Rules - Packets of house rules and borrowed rules

Nation files - Explanations of nations and what goes on in them, who the major players are, yearly events, struggles, conflicts, problems, etc.

Military - Details for the military organizations of the world.

Religion - Usually several folders, one per religion, describing what there is to describe about them, from theory to organization, locations, member populations, histories and current events/conflicts, artifacts, magic, nonhuman entities, etc.

Cities/Towns/Villages/Hamlets - Maps, data, characters who stay in cities, market info, garrisons, etc.

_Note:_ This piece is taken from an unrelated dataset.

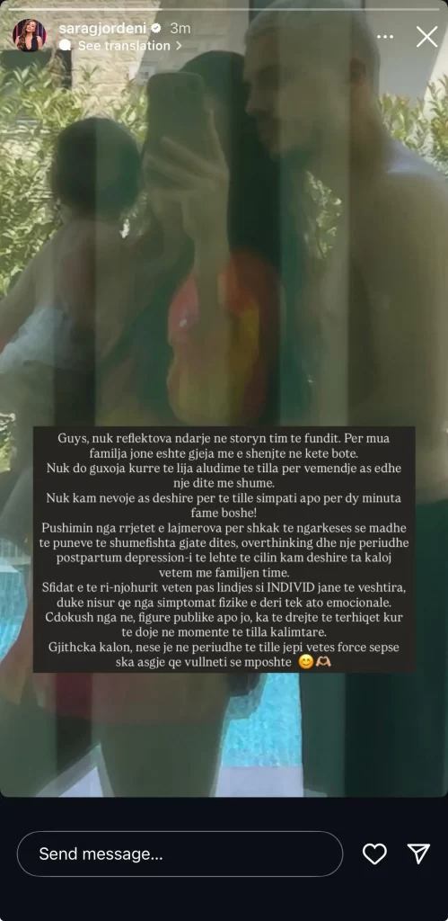 “Guys, nuk reflektova ndarje ne storyn tim te fundit. Për mua familja jonë është gjëja më e shenjtë në këtë botë. Nuk do guxoja kurrë të lija aludime të tilla për vëmendje as edhe një ditë më shumë. Nuk kam nevojë as dëshirë për të tillë simpati apo për dy minuta famë boshe! Pushimin nga rrjetet e lajmërova për shkak të ngarkesës së madhe të punëve të shumta gjatë ditës, overthinking dhe një periudhe postpartum depression-i të lehtë të cilin kam dëshirë ta kaloj vetëm me familjen time. Sfidat e të ri-njohurit veten pas lindjes si individ janë të vështira, duke nisur që nga simptomat fizike e deri tek ato emocionale. Çdokush nga ne, figurë publike apo jo, ka të drejtë të tërhiqet kur të dojë në momente të tilla kalimtare. Gjithçka kalon, nëse je në periudhë të tillë jepi vetes forcë sepse s’ka asgjë që vullneti s’e mposht.“, shkruan Sara.

Locations - Details of other locations (ruins, temples, guild halls, wizard's towers, mines, forts, caverns, etc). Maps, maps notes, characters who are always there, reoccurring events, random encounters, etc.

Magic - Spells, magical school curriculums, spell knowledge proliferation, magic marketplaces, guilds, orders, laws, etc.

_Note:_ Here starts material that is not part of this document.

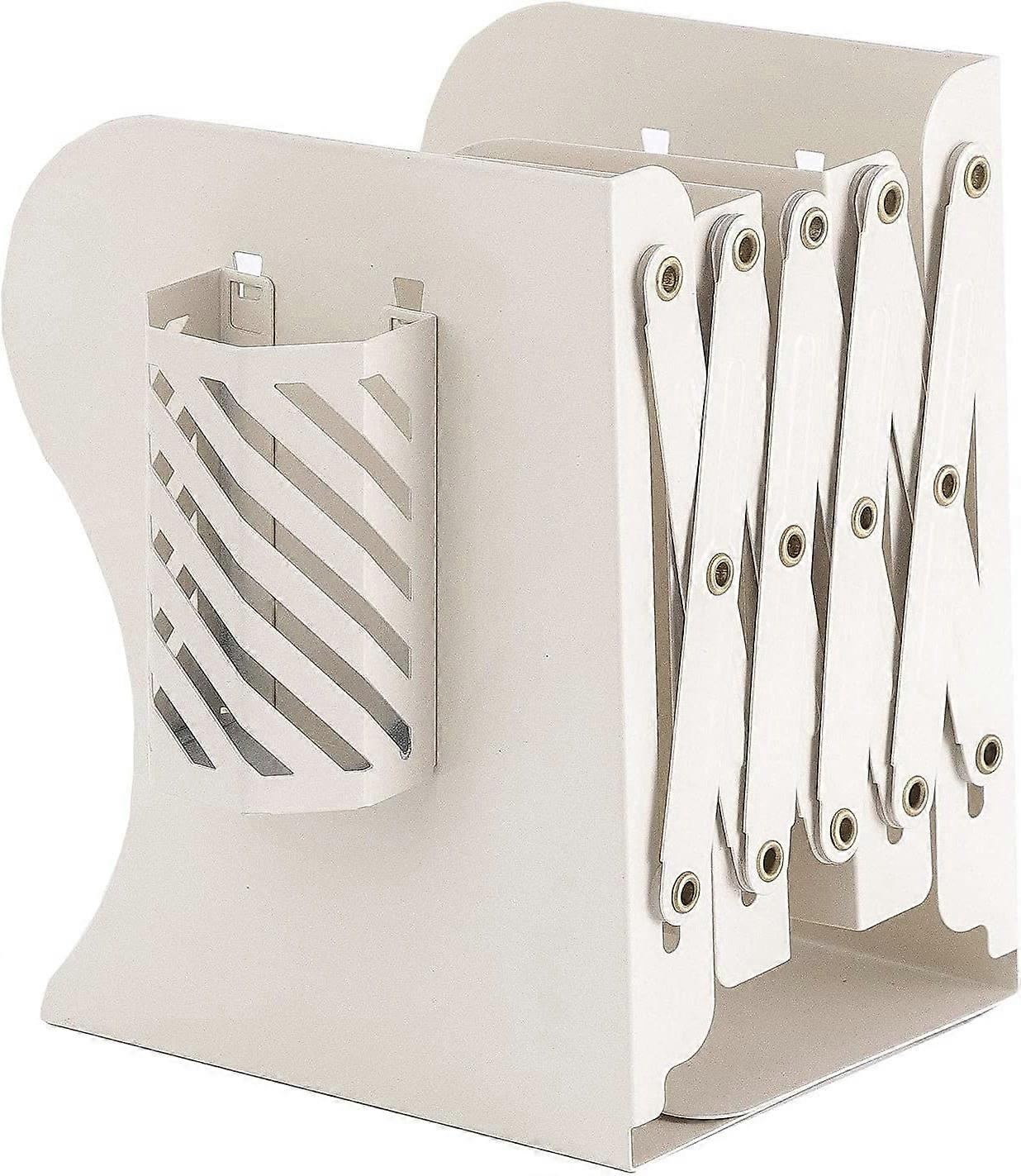 Adjustable Bookends, Happon Metal Book Ends for Heavy Book Holder Heavy Duty Bookends Nonskid Bookcase Desktop Book Organizer Binder Holder (White)

Legal - Legal system notes - often put next to map notes and culture notes.

Heraldry - Flags, insignia, symbols, heraldry.

Economy - Economic notes, what's available where, prices, merchant, production, consumption, coin, coffers, etc.

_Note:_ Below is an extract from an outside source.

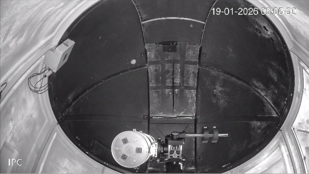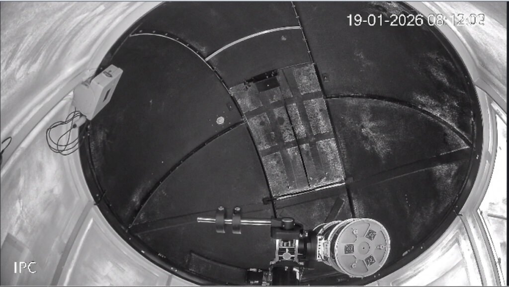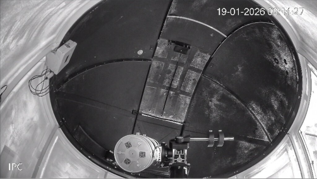 A dome is different to a roll-off observatory in that it provides a lot more protection from wind and other elements. However, because of this, the telescope can’t see the whole sky, which means it has to rotate so the shutter is always in front of the telescope.

Guilds/Organizations - Details of guilds and major organizations such as Wizard's Guild, Merchant/Crafter Guilds, Clubs, Academic organizations, spy rings, crime organizations, martial orders, etc.

Parties - Files for PC parties and relevant stuff pulled from other files for their current situation. Notes on where they buried stuff, whom they killed, robbed, befriended, impregnated, offended, etc.

Special Effects - GM-made maps and documents that represent in-game maps & documents etc. Also illustrations and pictures showing what things look like.

Battle Maps - Hexmaps (or hexless sheets to be laid under hex transparencies) used to play out combats using tactical combat, and/or later used for studying scenes of violence after they were played out. Range/LOS rulers. Transparencies. Blank hexes. Battle mats.

Counters - Cardboard counters used rather than miniatures for tactical combat. Other cardboard counters used to represent military units in large battles. Counters for fire, smoke, dropped weapons, wagons, animals, furniture, doors, etc.

Notes - Notes and notebooks used to pass private messages between players & GM during play. Also logs of what happened in play.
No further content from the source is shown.